Friday, September 10, 2010
Personal Account of Kunzang Dorje Rinpoche
The kids are napping and I finally have a few minutes to myself. Having to write something like that shows how different life is right now than it was 10 1/2 years ago when my I was knocking back Tong-ba with my friend Barche at the Double Dorje in Boudha. We got to talking about Ngakpas and he invited me back to Pharping (Yang-le-shod) with him to a little compound called Tsogyal Ge Phel Jong in order to meet Kunzang Dorje Rinpoche.
Though Kunzang Dorje was not famous in the west like other Lamas have become, he was a true Ngakpa and one of the greatest living Yogis of our age. A master of Tummo and Tsa-Lung as well as Phurba and Charnel Ground practice.
What I didn't know is that the day I arrived for a visit, was the day before a three-day Kilaya Puja. He took my arrival there as a sign that I should stay on for the ritual. I was loaned a Ngakpa Zen and with Barche, joined in on the first really complete Kilaya puja that contained the full medlei section. Barche left the country soon after but was kind enough to give me his Ngakpa Zen which Rinpoche gave me the blessing to wear when I did Puja. I stayed on and moved into Barche's room right next to Rinpoches.

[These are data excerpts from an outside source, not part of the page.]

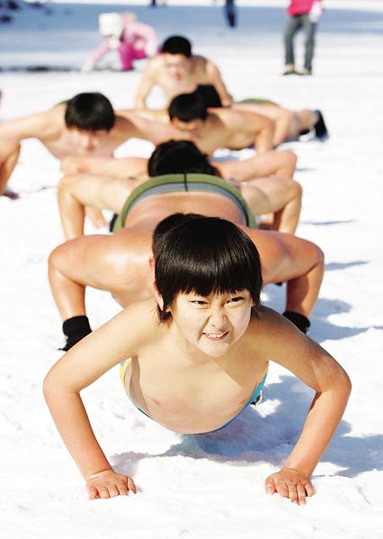 14일 양평에서 열린‘한강 얼음물 뛰어들기’대회에 앞서 한 소년이 얼음위에서 독한 표정으로 팔 굽혀펴기를 하며 준비운동을 하고 있다.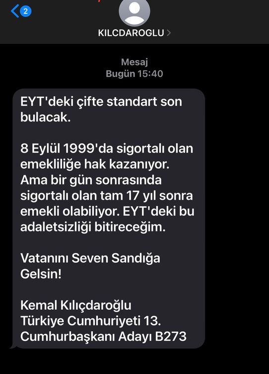 Cumhurbaşkanı Adayı ve CHP Genel Başkanı Kemal Kılıçdaroğlu, vatandaşlara gönderdiği SMS ile "Bir gün sonrasında sigortalı olan tam 17 yıl sonra emekli olabiliyor. EYT'deki bu adaletsizliği bitireceğim" vaadini dile getirdi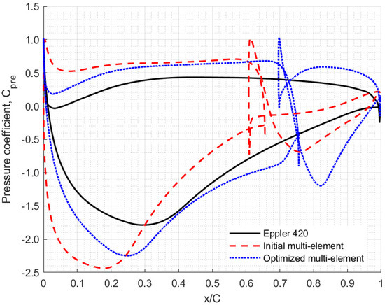 - Stop criterion. During this stage, the same number of new designs points than those ones considered in the initial sampling plan were assessed. Therefore, a total of 200 CFD simulations were considered in order to find the optimal design point that defines the geometric configuration of the multi-element hydrofoil. A proper hydrofoil for the hydrokinetic turbine application must have a high CL/CD ratio for improving the performance, and a high Cpre (lower suction) on the suction side to prevent cavitation. After 200 iterations, the optimized multi-element hydrofoil was defined by the best design point of the last Pareto front (Pareto optimal front) that achieved the optimization requirements (maximum CL and minimum CD), which were subjected to the considered constraints.
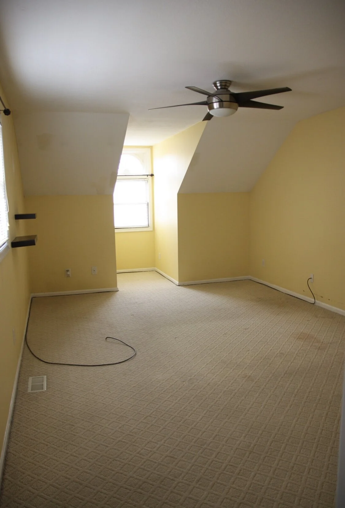 Here are a few mid reno photos. The white paint made such a big difference in this space, and helped the 8ft ceilings to feel higher, especially near the dormer window where they slope down into the knee walls.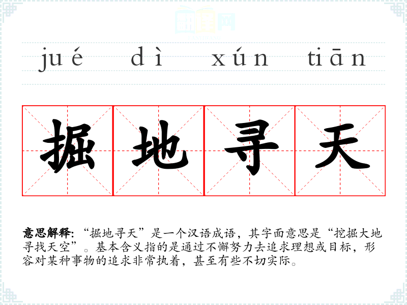 “掘地寻天”是一个汉语成语,其字面意思是“挖掘大地寻找天空”。基本含义指的是通过不懈努力去追求理想或目标,形容对某种事物的追求非常执着,甚至有些不切实际。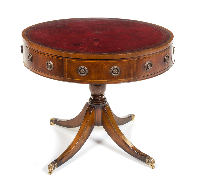 A Regency Style Mahogany Drum Table Height 29 x diameter of top 36 1/2 inches.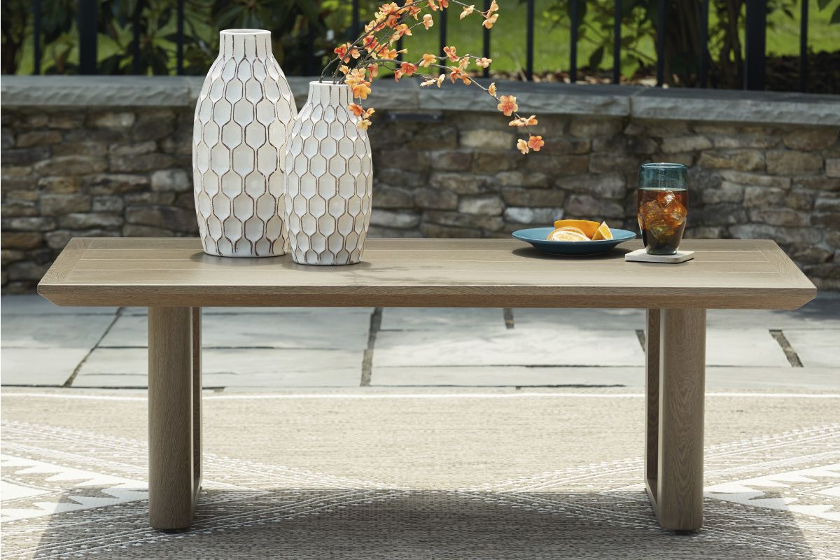 Elevate the appeal of easy-breezy living with this outdoor coffee table. Made to look like wood yet durable enough to weather the elements, it's sure to serve you and your besties well, year after year. This table's cool character is made for warm memories.
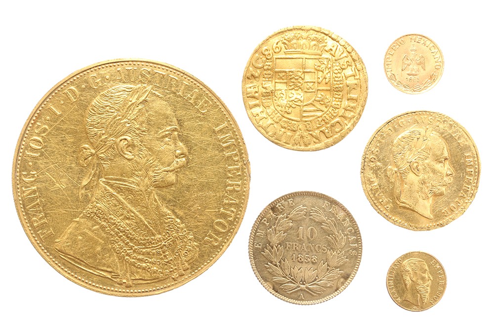 World. Small lot gold coins including Austrian gold ducat 1586. All damaged. 24,93 gr.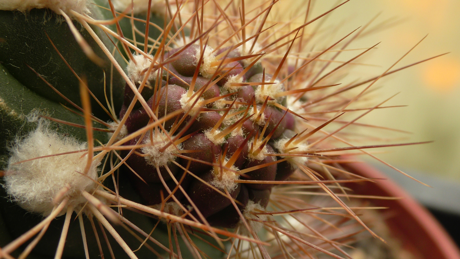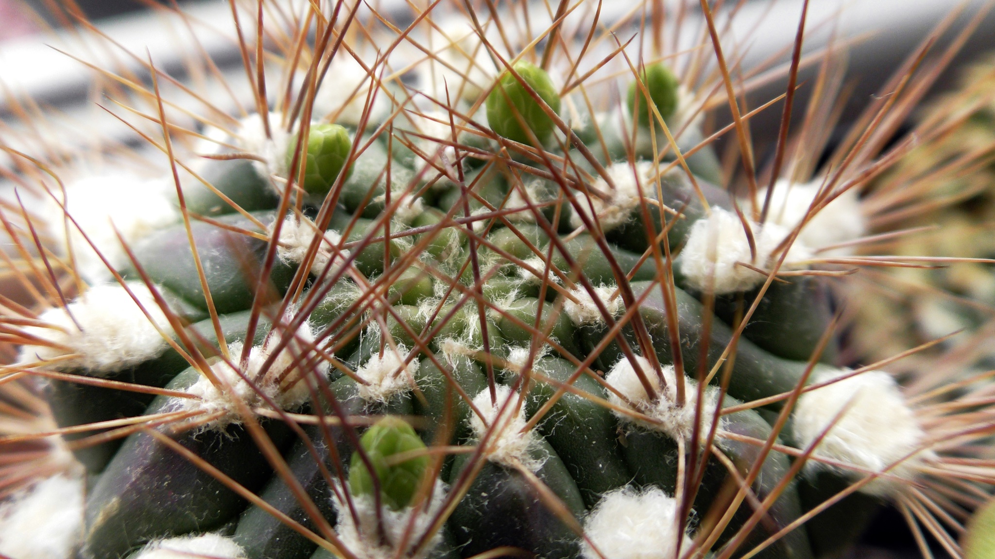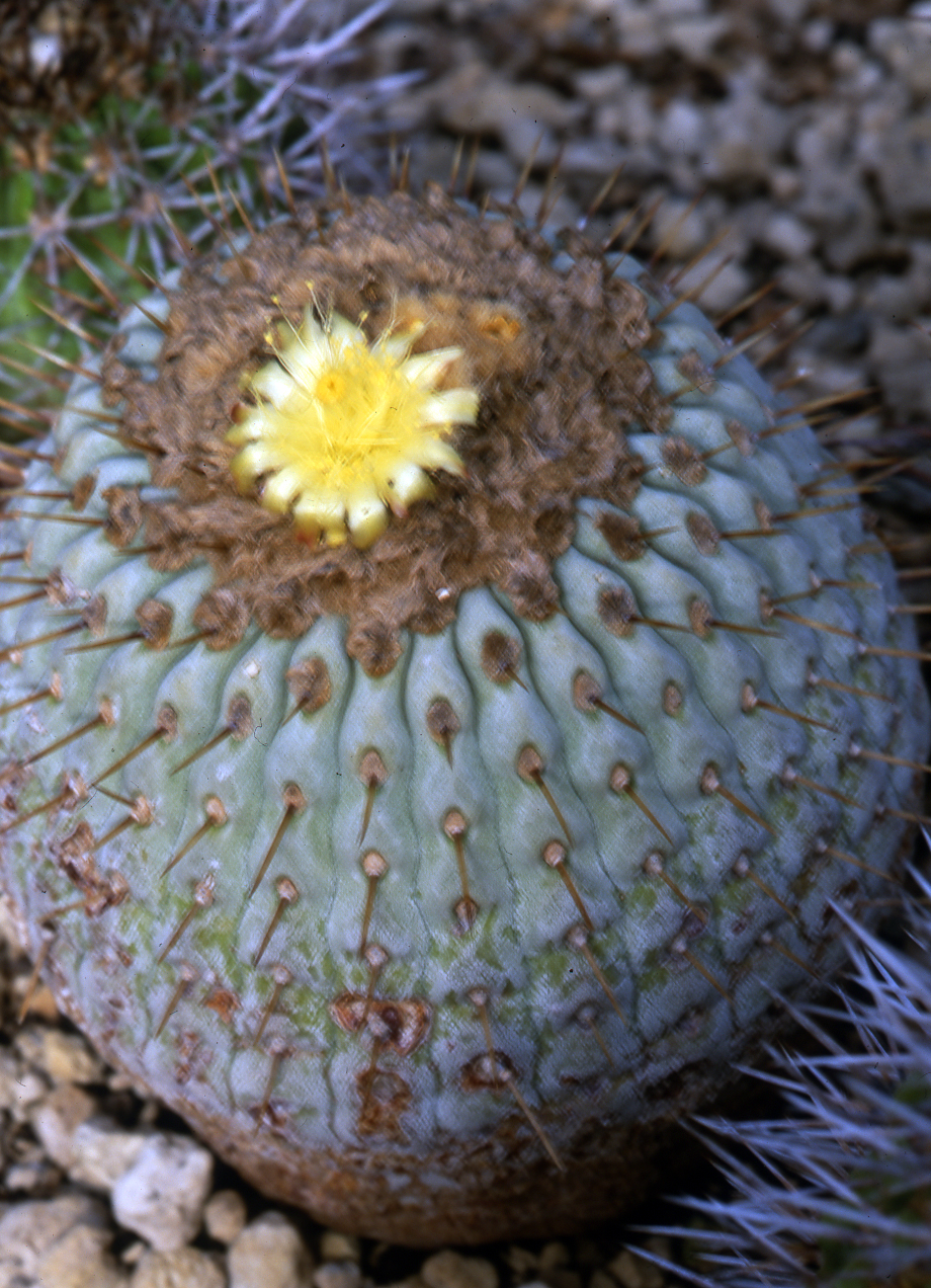 Weingartia pucaraensis und Weingartia insignis treffen sich auf 2500m Höhe, doch Liebe gibt es nicht, denn eine blüht im Frühjahr und die andere im Herbst. Aber es muss wohl doch eine Möglichkeit geben und vielleicht mischt da auch noch ein anderer mit? Eines dieser seltsamen Geschöpfe steht zur Überwinterung am Fensterbrett, es ist der 19. Januar und es blüht. Sie hat ausgefallene Merkmale: In der Jugend und als Kindel am Stamm braungefärbte Epidermis, die sich dann in der Sonne in grün verwandelt. Sie wächst säulenförmig 22cm hoch und 5cm im Durchmesser (im Gewächshaus in voller Sonne, also kein Lichtmangelaustrieb), ihre Kindeln sprossen aus einer Spiralkante von unten bis oben und sie blüht mit wenigen Unterbrechungen fast das ganze Jahr. Was hat der Pucara-Experte da auf dem Berg gefunden? Es bleibt ein Rätsel.

The next several weeks were a blur of practice and strangeness and I have trouble placing it all in order.
I remember being very sick for two days, and one morning at the height of my fever, I saw Rinpoche come into my room and take my phurba off my desk and tie a piece of blue cloth to it. He than did a little dance while rolling the phurba in his hands and moving it around his torso. He had me do the same. Since I was so ill at certain points I couldn't remember where I was, I honestly had thought I hallucinated the whole thing, but no. Gyur-me told me that actually happened. Later Rinpoche made sure I remebered how to do it as that is the proper way to empower the phurba.
For various reasons, I knew that it was not my karma to stay there for years and be his student the way he would expect - a process that he said would take two years just to decide firmly that he wanted me as a student and I wanted him as a teacher - so I did not try to get him to talk about Tummo or Tsa-lung, things that I was sure he would only reveal to someone who was there for the long haul.
Since he was famous for visiting most of the important Tantric Charnel grounds throughout Nepal, Tibet, Bhutan, and India I did get up the nerve to ask him about charnel Ground practice. He described the process in detail and asked if I was planning on doing a retreat. I told him that I wanted to go do one in Pashupatinath as soon as possible. He got very concerned and told me in no uncertain terms that I must NOT do this. I left thinking that for some reason I was not ready for such a retreat, but there must have been something lost in translation because two days later he asked why I was still there and not in Pashupatinath. I told him that he told me not to go and he laughed. He meant that I must not go yesterday because it was a missing day on the Lunar Calendar. It was fine to go now, which is what I did.
After my retreat, things started to get weird around the center: Rinpoche would ask me to get whiskey and his wife would ask me not to, Pema, a Thanka painter that was also staying there was starting to drink and get violent. One day I was asked to help his brother tackle him and hold him down, which I did. Since John Reynolds was coming into Kathmandu soon, and since I had plans for him to introduce me to Lopon Tenzin Namdak, I felt like it was a good time to leave Pharping and move to Boudha which I did.
I visited Rinpiche several times over the next several months and spent Losar with him. The last time I saw him was when he showed up at the Kathok Gompa for a couple days of the Kama Empowerments. Not one for large crowds he left after only a couple days, but made a very large offering, not only to the Lamas and Monks that were attending - as most other Lamas did - but to EVERYONE attending. Such was his faith in the power of everyone to achieve Buddhahood.
There are very few people that I would refer to as a Wizard, someone capable of bending the laws of physics, but he was one of them. I will leave the examples that I saw of this out of this post - stories like that only cheapen the event when told second hand. Honestly I would not believe them if I had not witnessed them myself so there really is no point.
Though I don't have any plans to go back to Nepal in the near future, I am a little sad today knowing now for sure that I will never get to meet him again in this life. I wish I had made more of the opportunity that I had when I was in his presence. I will always hold him in my mind as being inseparable from Guru Rinpoche himself.